| G. Michael Dobbs
SPRINGFIELD – While MGM Springfield is open and attracting thousands of visitors to the city, one aspect of its Host Community Agreement has yet to be settled: the 54 market-rate apartments the casino company is supposed to build and rent.
According to Kevin Kennedy, the chief development officer for the city of Springfield, some progress has been made to reach an agreement to incorporate the apartments into the redevelopment of 31 Elms St., also known as the Court Square Building.
The announcement to move the apartments into the Court Square Building was made three years ago.
The Court Square Building is under the control of the Springfield Redevelopment Authority that selected Opal Development as the preferred developer.
Kennedy told Reminder Publishing this week, “We are moving closer and closer to a financial model.”
He described the project as “not an easy one” and that everyone involved is anxious about it.”
As previously reported, MGM Springfield had originally planned to put about 30 of the apartments in the former School Department building on State Street, but moved the project at the request of the city.
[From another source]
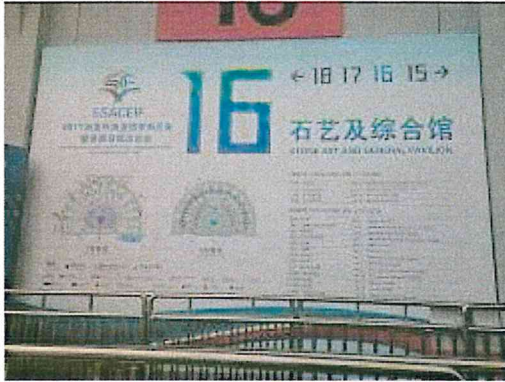
2017 南亞博覽會-入口處

At a meeting of the Massachusetts Gaming Commission in March, Seth Stratton, vice president and legal counsel of MGM Springfield, submitted a statement about the apartments, “MGM understands that the Commission remains very interested in ensuring that market-rate residential development ancillary to the casino development timely occur. MGM is likewise interested in timely satisfying this requirement. MGM, therefore, proposes quarterly status updates to the Commission on this commitment and a March 1, 2019 deadline for a firm commitment and documentation for the 31 Elm Project along with a realistic construction timeline from the city. Absent, such certainty, MGM would proceed with independent residential development to satisfy the residential development requirement within the timeline set forth in the HCA [Host Community Agreement], as amended. MGM does request, however, that residential development be removed from the project construction schedule and instead be treated as an ongoing license condition commitment as it is unrealistic for MGM to continue what will likely be a third-party development project under the existing Project construction schedule managed by its construction manager.”